Kevin Barton Committed Illegal Race Discrimination. Here’s The Full Story Behind The Court’s Ruling.
In 2019, a Oregon Court of Appeals found that Washington County District Attorney Kevin Barton committed illegal racial discrimination against a Black prospective juror.
Just how egregious does a prosecutor’s discrimination need to be to result in a reversal?
The race discrimination finding against Barton is only the second time an Oregon appellate court has reversed a case due to this type of misconduct by a prosecutor.
Even though the Constitution prohibits race-based discrimination against jurors, it is almost impossible to prove under the current rule: a court must determine that any non-racial justification offered up by the prosecutor was a lie.
That’s exactly what the Oregon appellate court found: No race-neutral reasons could explain Kevin Barton’s actions. Though Barton’s nefarious conduct made local headlines, no one has fully explained how egregious and unusual his behavior really was.
So, here’s what happened:
Barton was the prosecuting attorney in the criminal trial of Anthony Lenaire Curry, a Black man. Three young college students were in the jury pool: two of them were white. The third was Black—and he was the only Black person in the jury selection that day.
The law allows prosecutors to use a certain number of “peremptory strikes” to remove a juror for little or no reason at all, with some constitutional limitations. One of those limitations is that a juror cannot be removed solely because that person is Black.
Kevin Barton allowed the two white students to serve on the jury, but eliminated the Black juror.
Barton said that he struck the Black juror because he “didn’t like unemployed college students on his juries.” But the court didn’t buy Barton’s excuse.
Why?
Barton did not strike the two white unemployed college students.
The only reasonable conclusion, according to the Court, was that Barton preferred an all-white jury against a Black defendant.

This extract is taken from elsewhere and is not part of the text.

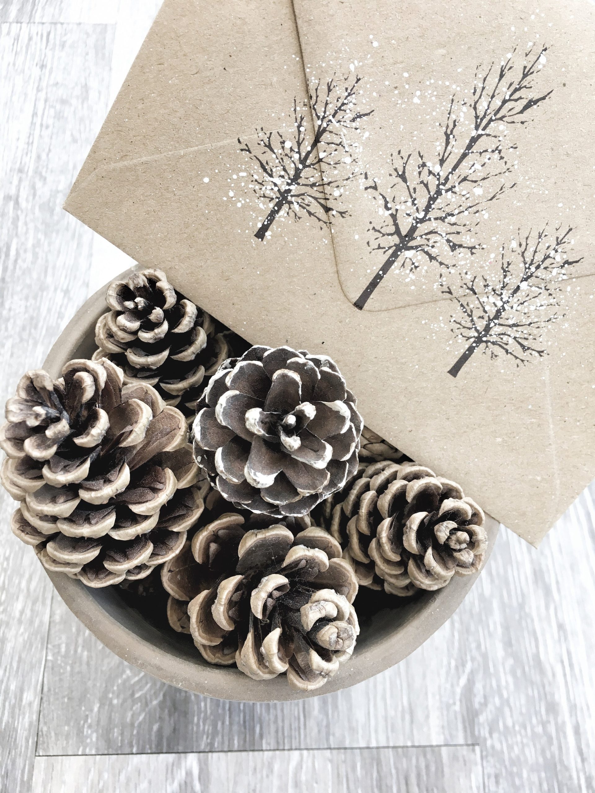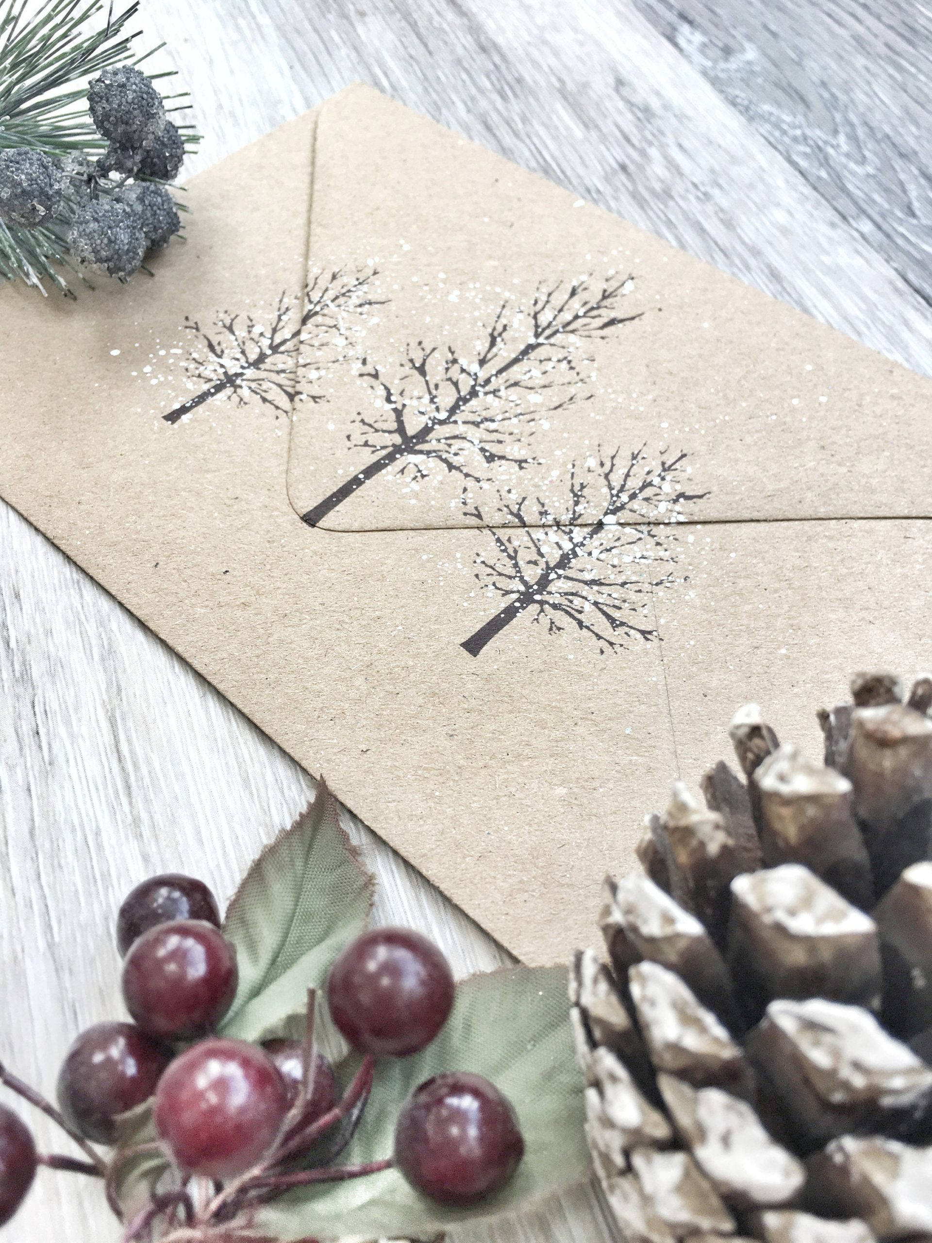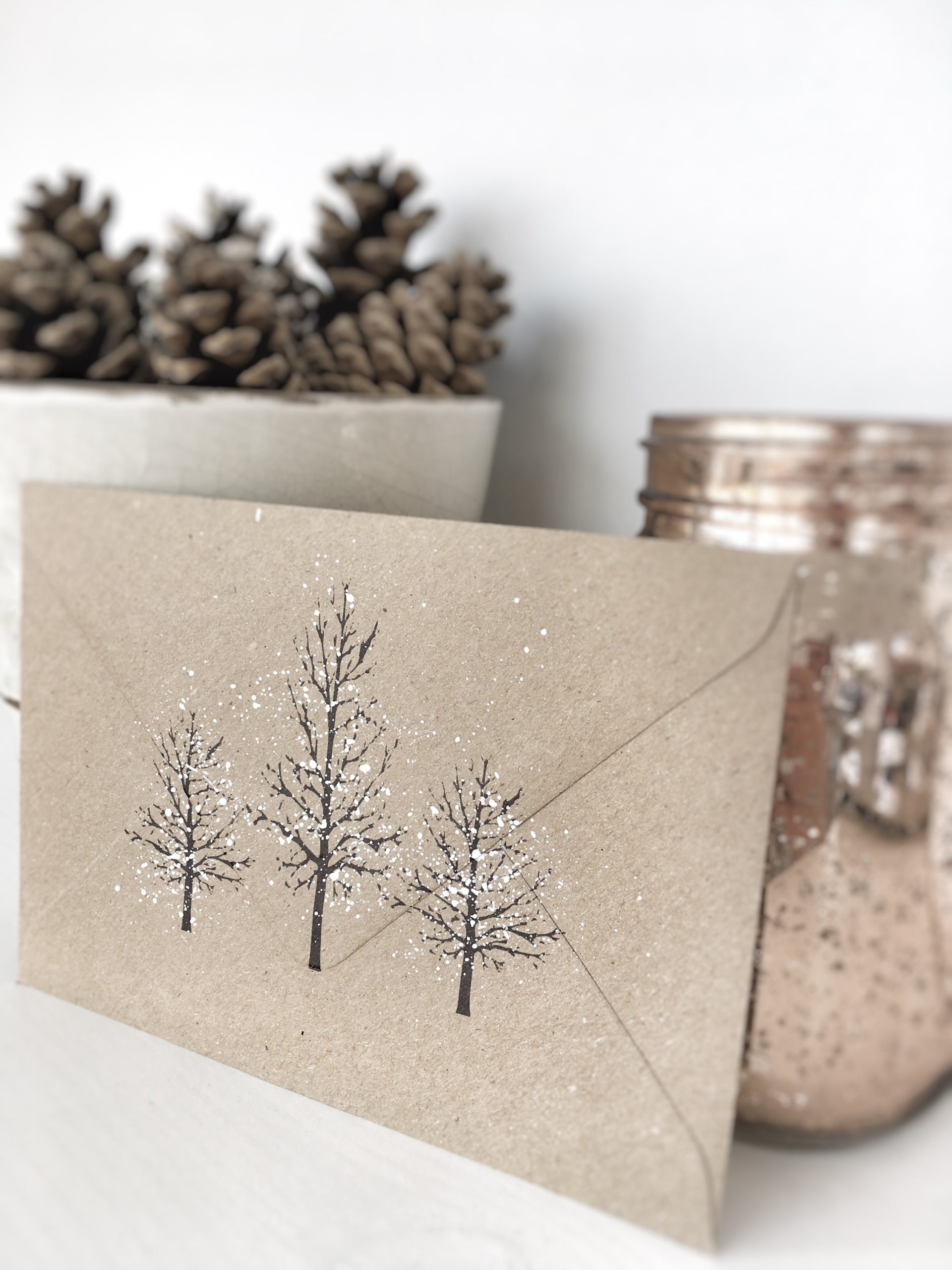 – Tree’s are all individually hand painted/snowed (there may be minor differences between each envelope due to this)

The Court said that Barton’s “articulated race-neutral reason for excluding [the Black juror]—that he was a young, unemployed college student—does not hold up, and it is not reasonable to view that articulated reason as anything other than a pretext for race, and possibly gender, discrimination.”
Again, of tens of thousands of criminal cases throughout Oregon, there have been only two occasions when this kind of misconduct by a prosecutor was so egregious and obvious that the Court felt compelled to reverse the case: one of them is Kevin Barton.
One might imagine that Barton responded with remorse, or at least with a dose of humility. But that’s not what happened.
Barton exploded, rambling at length about how he was not the racist, the defense attorney was the racist for daring to mention that Barton had removed the only Black juror.
“He’s racist because he is saying that a juror belongs on this jury simply because of his race,” Barton fumed. “I know attorneys aren’t supposed to be offended, but I am offended.”
The Court gave Barton’s angry, blame-shifting behavior a blistering rebuke, explaining that it was not only inappropriate, but harmful to the justice system itself. This country cannot “realize its promise of eliminating impermissible discrimination” if challenges to such conduct “devolve into what happened here.”
“This case is extra disturbing given that it happened just a few years ago and the prosecutor involved is now the elected DA,” said Aliza Kaplan, professor and director of the Criminal Justice Reform Clinic at Lewis and Clark Law School. “Oregon has such a small Black population that it’s rare to have more than 1 or 2 people in a jury pool in most counties. The fact that DA Barton went out of his way to ensure that the one Black person did not make it on to the jury is quite troubling.”
“It’s also important here that it’s exceedingly rare for a court to find this misconduct, and the Court clearly was appalled that DA Barton accused the defense lawyer for being a racist,” said Kaplan. “The Court pointed out that the DA’s behavior was not just racist, but a further attack on the constitutional rights of the defendant, and a threat to the trust in our jury system and criminal legal system as a whole.”
This is a look-in-the-mirror moment for Kevin Barton. Washington County residents deserve better from their elected prosecutor, and the Black juror deserves an apology.